Pose orientation format, specified as 'quaternion' or 'rotmat'. When specified as 'quaternion', the Orientation field of the platform pose structure is a quaternion. When specified as 'rotmat', the Orientation field is a rotation matrix.

Example: 'rotmat'

Data Types: char

Name-Value Pair Arguments

Specify optional comma-separated pairs of Name,Value arguments. Name is the argument name and Value is the corresponding value. Name must appear inside quotes. You can specify several name and value pair arguments in any order as Name1,Value1,...,NameN,ValueN.

Enable recording emission information, specified as true or false. When specified as true, the rec output contains Emissions, EmitterConfigurations, EmitterPlatformIDs, and CoverageConfig fields.

Enable recording sensor information, specified as true or false.
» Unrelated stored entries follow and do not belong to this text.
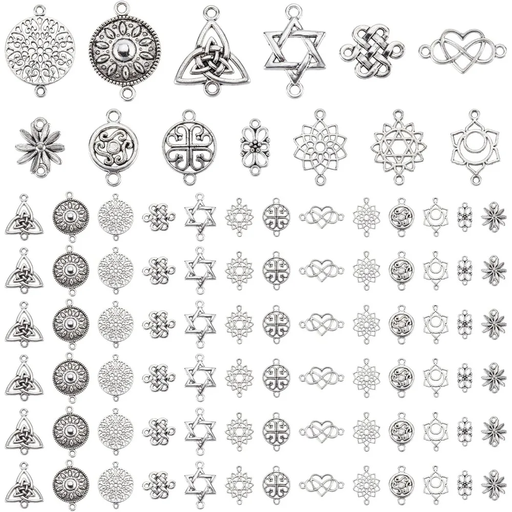 195 Uds. De dijes de nudo Trinity, colgantes de conector de 13 estilos, dijes de flores Wiccan, conectores de Chakra de corazón, eslabones para hacer kit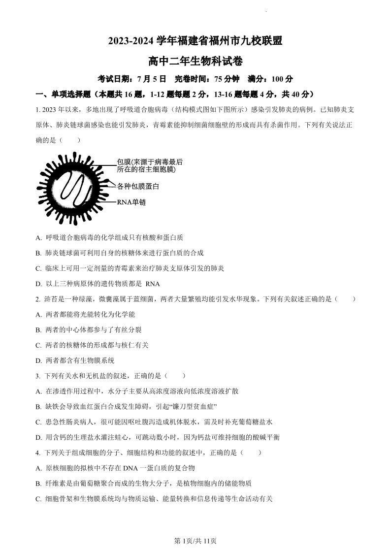 福建省福州市九县(市、区)一中高2025届下学期7月期末考试生物(原卷版)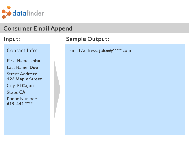 Use the Datafinder API to programmatically append email addresses to your customer or prospect list. Both our Email and Phone APIs will also return a First and Last name and Postal Address.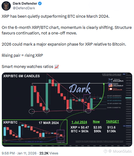 Based on Fibonacci projections, the XRP/BTC pair could reach up to 0.00002487 BTC, a level seen during previous cycle highs. Dark Defender even speculates that with BTC at $136,000, XRP could hit $13.60—though this remains entirely hypothetical.

When specified as true, the rec output contains Detections, SensorConfiguration, SensorPlatformIDs, and CoverageConfig fields.

Initial random seed for recording, specified as a positive integer. If specified as a positive integer, the function assigns this number to the random number generator "Twister" before the recording and resets the random number generator at the end of the recording.

Enable occlusion in signal transmission, specified as true or false. When specified as true, the function accounts for the effect of occlusion in radar emission propagation.

Format of recording, specified as 'Struct' or 'Recording'. When specified as 'Struct', the rec output is an array of structures. When specified as 'Recording', the rec output is a trackingScenarioRecording object.

Coordinate system to report recorded positions, specified as:

  • 'Cartesian' — Report recorded poses using Cartesian coordinates in the Earth-Centered-Earth-Fixed coordinate frame.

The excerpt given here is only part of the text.